Divisional Applications at the European Patent Office
Two sets of questions relating to divisional applications were referred to the Enlarged Board of Appeal (EBoA). In view of the overlapping issues, both sets of questions were considered simultaneously by the EBoA who recently delivered respective consolidated decisions.
Encouragingly, the EBoA have concluded in their decision that the body of practice built up by the European Patent Office (EPO) in relation to divisional applications strikes a balance of being equitable to both patent applicants and third parties.
The EPO had established a practice that if a divisional application was filed including subject matter not present in the parent application as filed, this was not to be fatal to the divisional application; the application could be amended during prosecution to remove the offending subject matter.
However, in T 39/03, a series of questions regarding the possibility of amending divisional applications to remove subject matter not included in the parent application were referred to the EBoA.
The EBoA has confirmed that it is possible to make such amendment to the divisional application and even if the parent application is no longer pending.
In T1409/05, a series of questions relating to the validity of a family of cascading divisional applications was referred to the EBoA.
The EBoA held that divisional applications which were themselves divided from divisional applications were permissible. The Board also held that in order for divisionals of divisionals to be valid, it was sufficient if the subject matter of latest divisional was based on subject matter that was merely disclosed in each of the preceding applications. It is not necessary for the subject matter of that latest divisional to have been claimed in the preceding applications.
However, the inclusion in a divisional application of subject matter that was unequivocally and definitively abandoned from its parent application prior to the divisional application being filed will contravene the provisions of Article 76(1) EPC and that subject matter will have to be deleted from the divisional application. To avoid subject matter being considered "unequivocally and definitively abandoned", whenever subject matter is deleted from an application, the deletion should be made without prejudice to the applicants right to file a divisional application to that subject matter.
Detailed Discussion G1/05
The questions and their answers are given below:
(1) Can a divisional application which does not meet the requirements of Article 76(1) EPC because, at its actual filing date, it extends beyond the content of the earlier application, be amended later in order to make it a valid divisional application?
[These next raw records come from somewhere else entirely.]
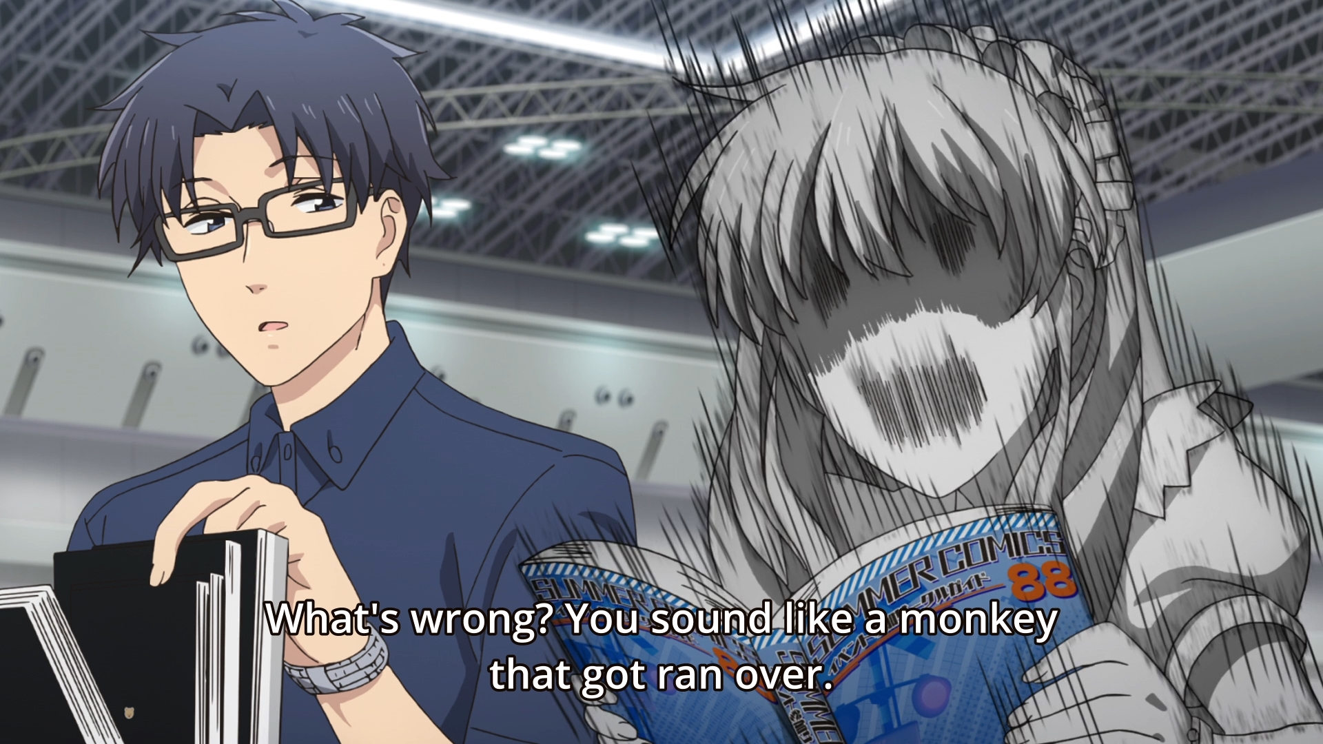 — The big day arrives, and Narumi is busy schmoozing with her fans. Hirotaka remains patient. When the girl fawns over one of her favorite artists, he actually gets jealous. But he keeps it to himself. Still, would Narumi ever fawn over him like that one day? There’s so little chemistry between them that I can hardly see it. Maybe that’s the point. Maybe dating for otakus just doesn’t come naturally or something. Still, a little communication would be nice. Telling her that he’d like some attention from time to time would be nice.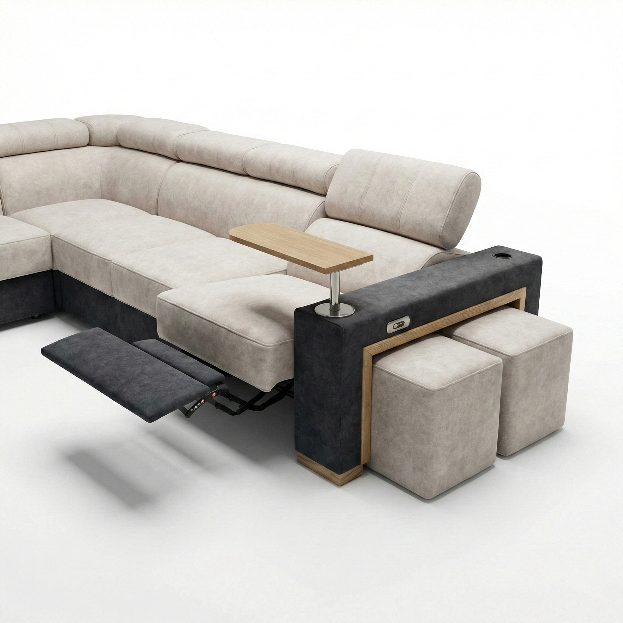 Dodatkowym udogodnieniem jest obrotowa półka na laptop, która pozwala na komfortową pracę, korzystanie z multimediów lub relaks bez konieczności zmiany miejsca.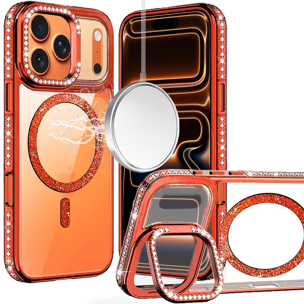 For iPhone 17 Pro Luxury Diamond Edged Magnetic Glitter Circle Hybrid with Camera Stand - Orange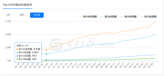 上面是久闻网的关键词前100名的排名,可以看到短短2个月的时间,从4000个关键词上涨到1.5万个关键词,两个月涨了1万个关键词,这就是方案霸屏的效果。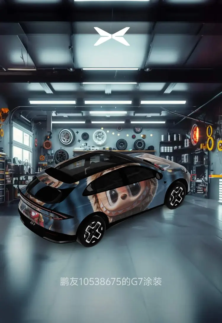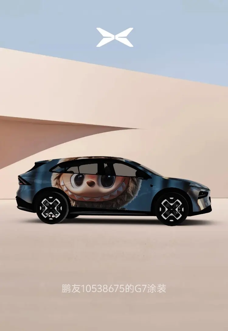 当Labubu涂装在小鹏G7上,就像是把潮流文化与科技出行完美融合。既展现了小鹏G7的科技魅力,又凸显了Labubu的独特个性,让汽车不再只是交通工具,更是一件彰显个性与品味的艺术品。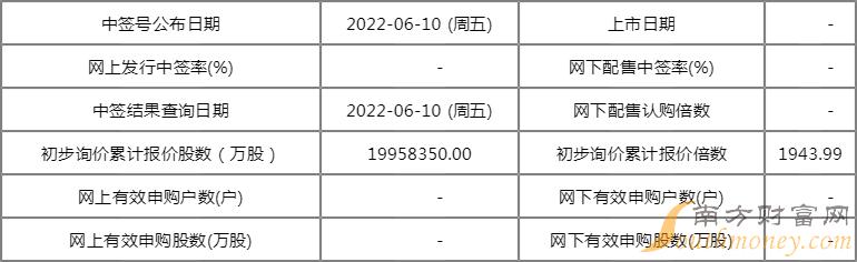 网上发行日期 2022-06-08 (周三) 网下配售日期 2022-06-08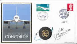UK (Alderney) 2019 50th Anniversary of Concorde One Pound Gold Proof, inset in a commemorative cover, signed by Mike Bannister, with certificate. Coin weight 8grms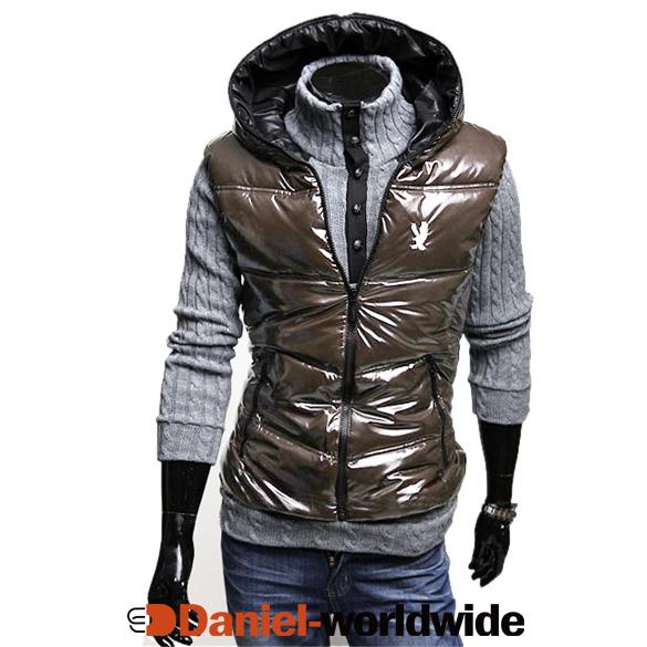 Men Hooded Vest Waistcoat Thickened Coat Jacket Eagle Embroidery Decor

The EBoA held that the purpose of the statutory bar in Article 76(1) EPC to divisional applications including subject matter not present in the application as filed does not justify the conclusion that a divisional application which does not conform to Article 76(1) EPC is invalid.
Although Article 76(1) EPC does not state what should happen if on the actual date of filing, the divisional application contains excess subject matter, non-compliance with Article 76(1) EPC cannot raise an automatic presumption that the application is to be refused without any prior possibility of amendment being afforded to the applicant.
Thus, when all factors are taken into consideration, they favour an interpretation of Article 76(1) EPC permitting an applicant to amend a divisional application after the filing date so as to comply with the provisions of that article.
(2) If the answer to question (1) is yes, is this still possible when the earlier application is no longer pending?
The EBoA stressed that once a divisional application is filed, it is independent from the parent application. Thus, the fate of the parent application is not relevant to the question of whether an amendment to remove added matter from a divisional application is allowable.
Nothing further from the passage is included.